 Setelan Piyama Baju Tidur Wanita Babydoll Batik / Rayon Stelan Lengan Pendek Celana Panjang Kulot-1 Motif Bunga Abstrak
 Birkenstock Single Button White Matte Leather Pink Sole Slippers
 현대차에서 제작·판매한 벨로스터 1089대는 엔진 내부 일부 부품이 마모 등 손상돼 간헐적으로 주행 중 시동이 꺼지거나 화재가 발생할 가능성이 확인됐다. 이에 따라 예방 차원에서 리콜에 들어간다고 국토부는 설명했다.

--

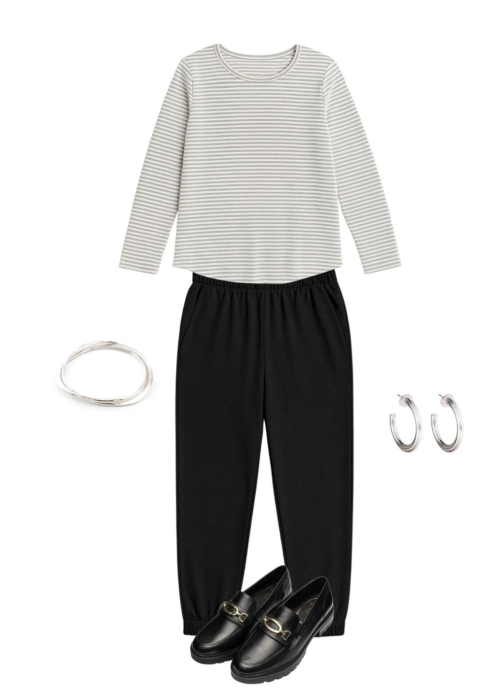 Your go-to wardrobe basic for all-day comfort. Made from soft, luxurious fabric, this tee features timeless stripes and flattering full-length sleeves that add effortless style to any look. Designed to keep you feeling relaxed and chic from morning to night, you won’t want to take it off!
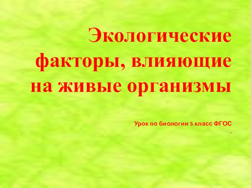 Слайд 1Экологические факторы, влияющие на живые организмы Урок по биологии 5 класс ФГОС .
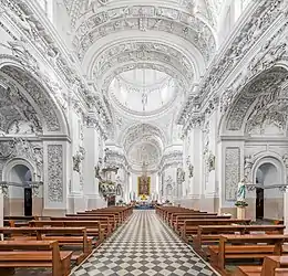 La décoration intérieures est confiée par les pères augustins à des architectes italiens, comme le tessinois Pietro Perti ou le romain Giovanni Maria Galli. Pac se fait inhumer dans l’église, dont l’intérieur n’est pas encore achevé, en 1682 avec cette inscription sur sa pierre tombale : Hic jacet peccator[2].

- _WHAT IS EXPECTED_:
Your task is to transcribe, with no changes, only the lines of the listing above that lie between the line holding "Birkenstock Single Button" and the line holding "현대차에서 제작·판매한 벨로스터", inclusive.

- _EXPECTED ANSWER_:
 Birkenstock Single Button White Matte Leather Pink Sole Slippers
 현대차에서 제작·판매한 벨로스터 1089대는 엔진 내부 일부 부품이 마모 등 손상돼 간헐적으로 주행 중 시동이 꺼지거나 화재가 발생할 가능성이 확인됐다. 이에 따라 예방 차원에서 리콜에 들어간다고 국토부는 설명했다.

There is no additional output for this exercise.